Pendant 70 ans, il était bien gardé dans un coffre-fort à New York, mais dans quelques jours, le journal secret de Renia Spiegel sera révélé au grand public, en version anglaise.
Dans ce document, la jeune polonaise raconte sa vie de 15 à 18 ans, cachée des Nazis durant la Deuxième guerre mondiale. Son journal est un récit bouleversant qui n’est pas sans rappeler le célèbre journal d’Anne Frank.
La sœur de Renia, Elizabeth (née Ariana), n’a jamais pu se résoudre à lire le journal. La survivante de l’Holocauste a donc décidé de le déposer dans un coffre-fort à la banque. Ce n’est qu’en 2012 que sa fille, Alexandra Bellak, a entrepris des démarches pour le faire traduire en anglais et ainsi le partager avec le monde entier. Le journal sera finalement publié le 19 septembre par la maison d’édition Penguin Random House.

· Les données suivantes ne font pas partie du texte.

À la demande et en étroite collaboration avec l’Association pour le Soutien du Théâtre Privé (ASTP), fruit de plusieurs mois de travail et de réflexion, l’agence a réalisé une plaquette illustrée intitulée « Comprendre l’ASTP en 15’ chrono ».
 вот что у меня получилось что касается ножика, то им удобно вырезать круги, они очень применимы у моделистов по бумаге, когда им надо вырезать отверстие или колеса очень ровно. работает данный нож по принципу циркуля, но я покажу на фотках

Une aspirante poète emportée par la violence de la guerre
Le récit de Renia, qui fait près de 700 pages, commence en janvier 1939, alors qu’elle est âgée de 15 ans. Elle rêve alors de devenir poète. Mais elle est juive, elle vit en Pologne et c’est le début de la guerre.
Lorsque les Russes et les Allemands envahissent son pays, son monde éclate en morceaux. Séparées de leur mère Róża, sa sœur et elle fuient leur ville natale de Przemysl pour échapper aux bombardements incessants.

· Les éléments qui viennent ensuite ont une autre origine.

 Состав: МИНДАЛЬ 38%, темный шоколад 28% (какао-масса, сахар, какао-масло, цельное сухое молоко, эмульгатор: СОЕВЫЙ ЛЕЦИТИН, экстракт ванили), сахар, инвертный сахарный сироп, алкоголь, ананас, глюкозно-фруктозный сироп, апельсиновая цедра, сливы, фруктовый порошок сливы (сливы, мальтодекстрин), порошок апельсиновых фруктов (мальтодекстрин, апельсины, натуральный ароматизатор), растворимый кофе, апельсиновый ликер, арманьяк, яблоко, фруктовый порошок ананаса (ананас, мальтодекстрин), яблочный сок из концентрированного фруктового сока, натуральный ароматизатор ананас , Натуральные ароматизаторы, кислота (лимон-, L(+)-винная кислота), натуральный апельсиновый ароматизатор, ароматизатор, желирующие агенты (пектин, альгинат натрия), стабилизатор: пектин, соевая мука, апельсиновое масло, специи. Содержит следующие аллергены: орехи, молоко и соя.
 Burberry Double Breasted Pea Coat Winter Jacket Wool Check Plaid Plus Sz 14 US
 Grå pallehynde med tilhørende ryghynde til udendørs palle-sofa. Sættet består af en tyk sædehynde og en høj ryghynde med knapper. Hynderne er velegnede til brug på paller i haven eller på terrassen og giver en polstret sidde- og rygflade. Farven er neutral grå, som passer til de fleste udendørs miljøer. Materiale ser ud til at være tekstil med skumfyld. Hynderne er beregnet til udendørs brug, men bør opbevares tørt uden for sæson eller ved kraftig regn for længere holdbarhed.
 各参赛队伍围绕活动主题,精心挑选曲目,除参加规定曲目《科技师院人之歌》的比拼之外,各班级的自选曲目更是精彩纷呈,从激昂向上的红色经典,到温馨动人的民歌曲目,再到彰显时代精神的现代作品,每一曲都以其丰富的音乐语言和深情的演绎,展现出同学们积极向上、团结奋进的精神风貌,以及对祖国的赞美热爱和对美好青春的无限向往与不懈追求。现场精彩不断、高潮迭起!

« Peu importe où je regarde, c’est le carnage. Des pogroms terribles. Il y a des assassinats, des meurtres […] Seigneur dieu, laisse-nous vivre, je t’en supplie, je veux vivre! J’ai tellement peu vécu. Je ne veux pas mourir. J’ai peur de la mort. C’est tellement stupide, insignifiant, médiocre, petit. Aujourd’hui, je m’inquiète d’être peu présentable ; demain, je ne pourrais peut-être plus jamais penser. » Extrait du journal de Renia Spiegle, le 7 juin 1942.

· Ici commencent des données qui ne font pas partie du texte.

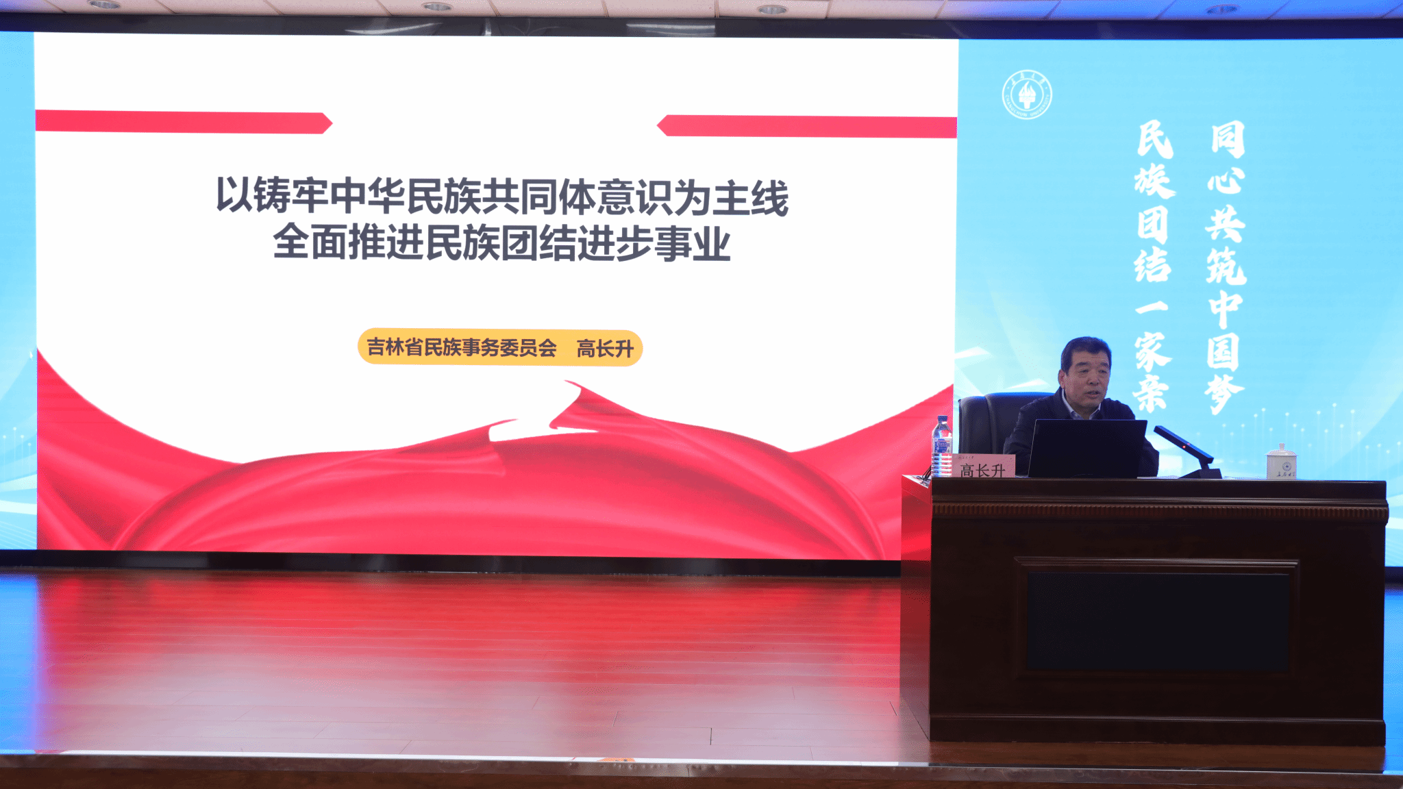 吉林省民族事务委员会二级巡视员高长升作了题为《以铸牢中华民族共同体意识为主线 全面推进民族团结进步事业》的专题讲座。高长升从全面理解铸牢中华民族共同体意识的内涵、深刻认识铸牢中华民族共同体意识的重大意义、切实加强中华民族共同体建设和深入推进民族团结进步事业发展四个方面,以独特的视角、深入的剖析和丰富的实例,具体阐释了铸牢中华民族共同体意识的提出背景、发展进程、重要作用、具体任务和措施路径,为现场师生深刻理解把握铸牢中华民族共同体意识提供了重要的理论与实践指导。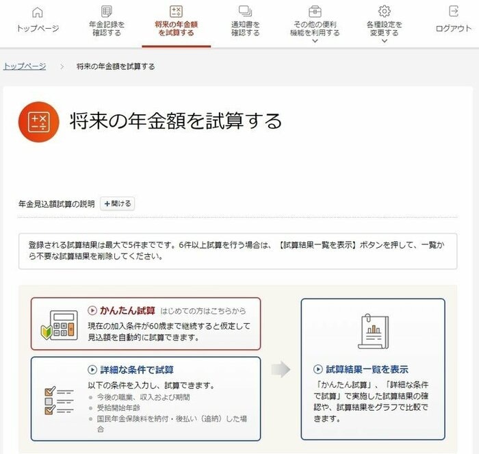 ねんきんネットの試算では、今後の職業や収入・受給開始年齢など自分にあわせた設定で年金の見込額を試算することができます。
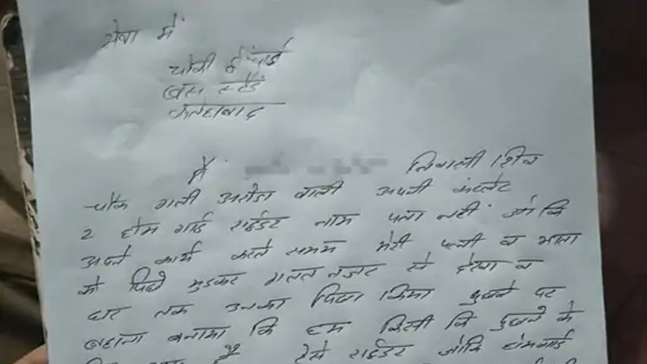 फतेहाबाद में पीड़ित परिवार की ओर से पुलिस को दी गई शिकायत।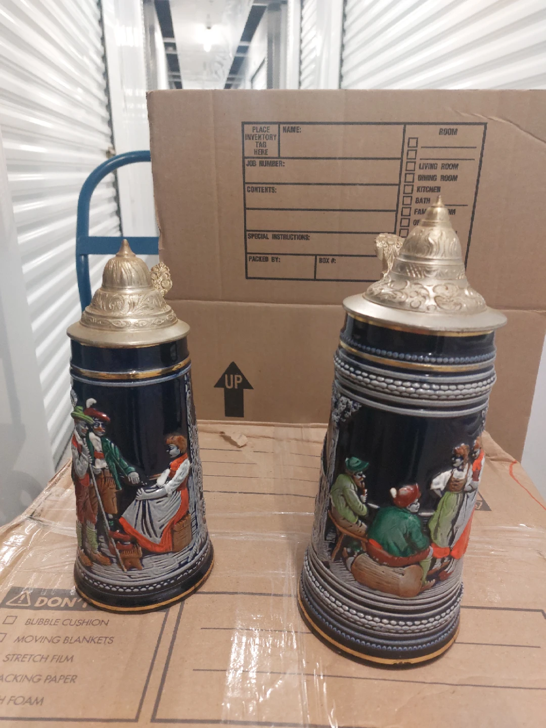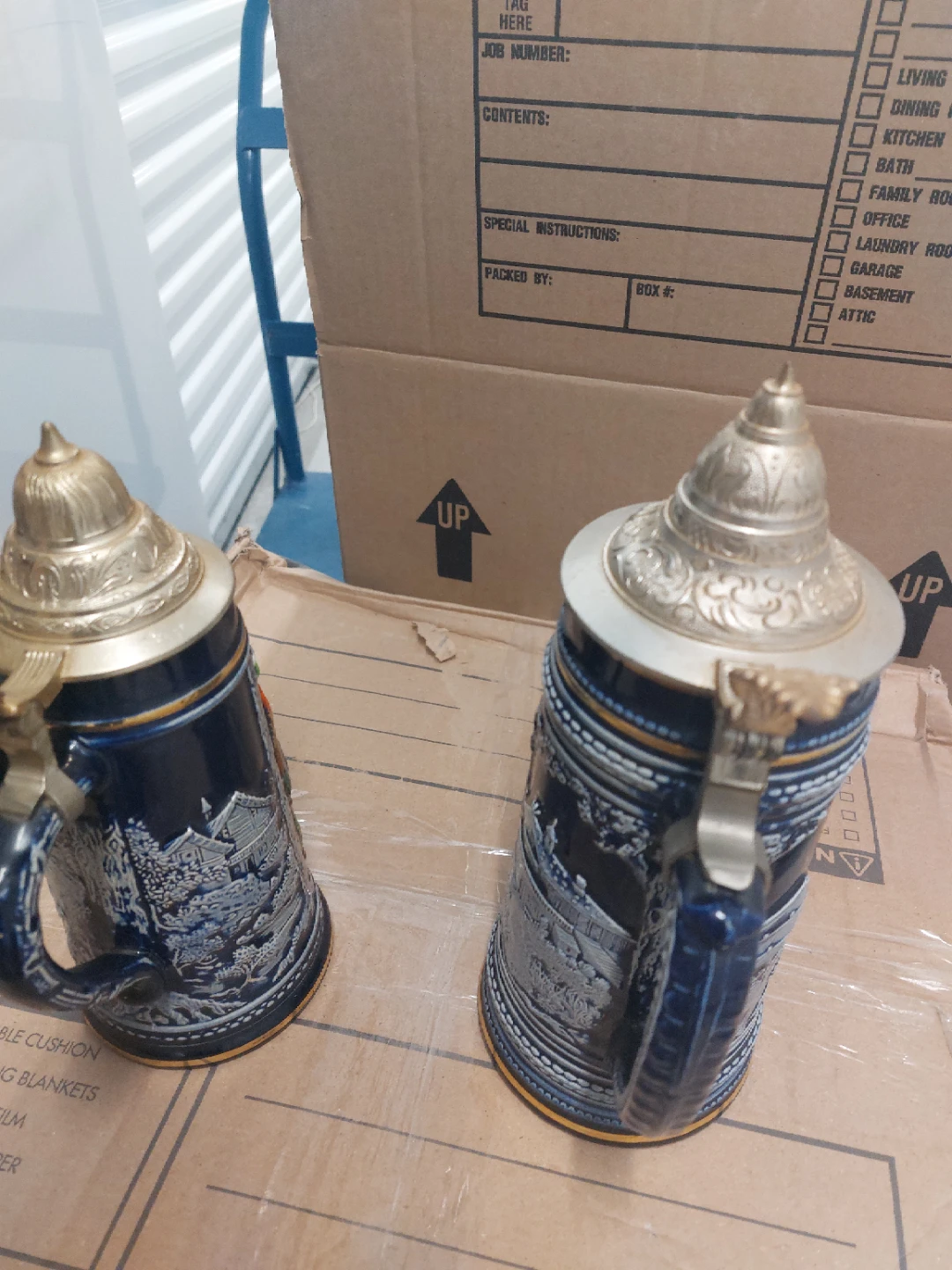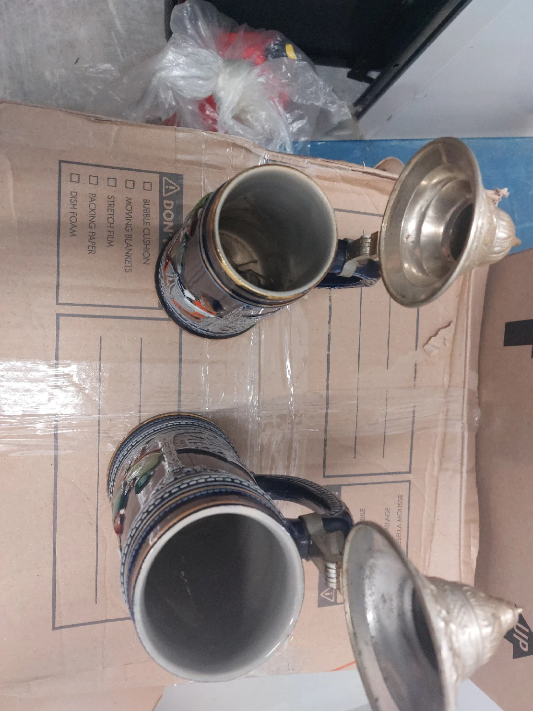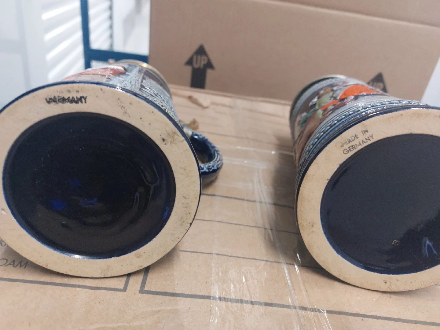 Selling a set of two vintage German beer steins. They feature intricate designs and are marked "Made in Germany" on the base. Perfect for collectors or anyone who appreciates traditional German craftsmanship!

Quelques années plus tard, alors qu’elle est de retour à Przemysl, les Nazis créent un ghetto entouré de barbelés dans lequel ils forcent 20 000 juifs à s’entasser. Le 15 juillet 1942, elle écrit : Rappelez-vous de cette journée; rappelez-vous en bien. Vous allez en parler pour des générations à venir. Depuis 8 h ce matin, nous sommes isolés dans ce ghetto. Je vis ici maintenant. Le monde est séparé de moi et je suis séparée du monde.
Trouver du beau même dans l’horreur
Parallèlement aux histoires d’horreur, le récit renferme beaucoup de beauté. La jeune Renia réussit à s’émerveiller et commence à découvrir sa voix comme écrivaine. Elle trouvera même le temps de tomber en amour pour la première fois, avec un jeune homme du nom de Zygmunt Schwarzer. Son idylle sera toutefois de courte durée. Le 30 juillet 1942, Renia est abattue par les Nazis, qui trouvent sa cachette, quelques heures seulement après avoir échangé un premier baiser avec son copain.
C’est d’ailleurs lui qui a écrit le dernier passage du journal : Trois coups de feu! Trois vie de perdues! Tout ce que je peux entendre, c’est des coups de feu.
Il réussit à récupérer le manuscrit et à le confier à un proche, avant d’être déporté à Auschwitz. Il survit à la guerre et décide de s’installer aux États-Unis. En 1950, il trouve le moyen de rendre le journal à Elizabeth et Róża, la sœur et la mère de Renia qui vivaient toutes deux à New York.
Une âme profonde et mature
En entrevue avec la BBC, Alexandra Bellack a affirmé avoir été bouleversée par la lecture du récit de sa défunte tante. C’est après avoir lu son journal que j’ai pu saisir toute l’étendue, la profondeur et la maturité de cette belle âme
, raconte-t-elle
Elle affirme aussi que sa mère, maintenant âgée de 87 ans, n’a toujours pas lu le manuscrit dans son entièreté. Elle ajoute que les commentaires qu’elle reçoit des gens qui ont lu le journal sont formidables. Des plus jeunes aux plus vieux, ils font l’éloge de la qualité remarquable de l’écriture, du désir de retrouver une vie normale.